====== DATA BELOW ======
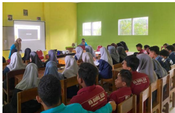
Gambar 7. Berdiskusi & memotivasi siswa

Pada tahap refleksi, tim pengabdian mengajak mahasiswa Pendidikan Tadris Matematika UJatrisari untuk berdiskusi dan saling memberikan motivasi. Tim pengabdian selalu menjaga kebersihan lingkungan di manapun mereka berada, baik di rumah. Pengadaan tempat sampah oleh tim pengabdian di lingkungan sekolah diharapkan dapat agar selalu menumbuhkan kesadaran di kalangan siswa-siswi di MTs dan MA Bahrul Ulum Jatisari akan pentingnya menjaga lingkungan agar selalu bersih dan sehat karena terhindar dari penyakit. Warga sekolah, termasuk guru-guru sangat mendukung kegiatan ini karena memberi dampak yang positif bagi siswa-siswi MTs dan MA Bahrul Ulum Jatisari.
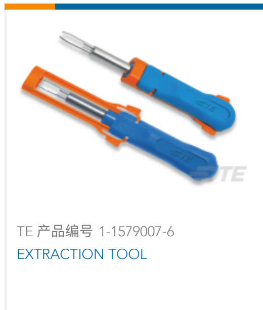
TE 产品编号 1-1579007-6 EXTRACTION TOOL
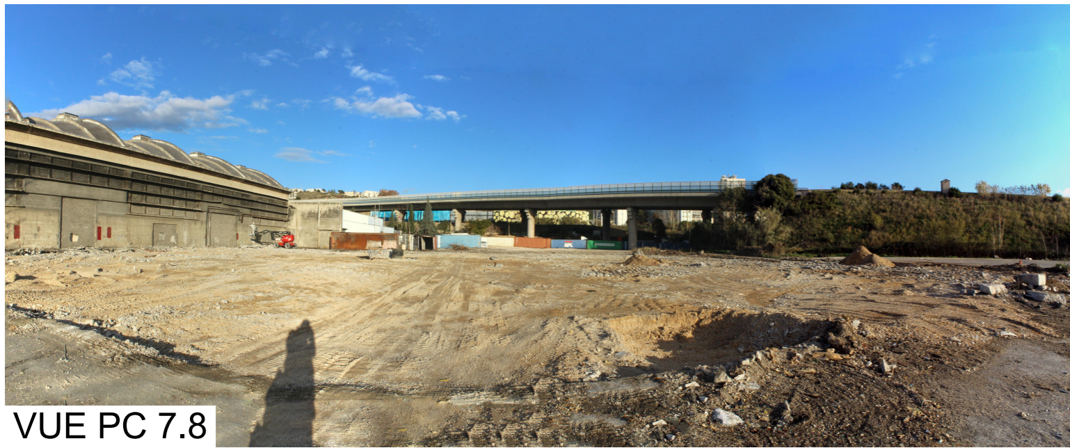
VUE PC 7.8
======
For this exercise, retype the listing above word for word and omit the pictures.

Gambar 7. Berdiskusi & memotivasi siswa

Pada tahap refleksi, tim pengabdian mengajak mahasiswa Pendidikan Tadris Matematika UJatrisari untuk berdiskusi dan saling memberikan motivasi. Tim pengabdian selalu menjaga kebersihan lingkungan di manapun mereka berada, baik di rumah. Pengadaan tempat sampah oleh tim pengabdian di lingkungan sekolah diharapkan dapat agar selalu menumbuhkan kesadaran di kalangan siswa-siswi di MTs dan MA Bahrul Ulum Jatisari akan pentingnya menjaga lingkungan agar selalu bersih dan sehat karena terhindar dari penyakit. Warga sekolah, termasuk guru-guru sangat mendukung kegiatan ini karena memberi dampak yang positif bagi siswa-siswi MTs dan MA Bahrul Ulum Jatisari.
TE 产品编号 1-1579007-6 EXTRACTION TOOL
VUE PC 7.8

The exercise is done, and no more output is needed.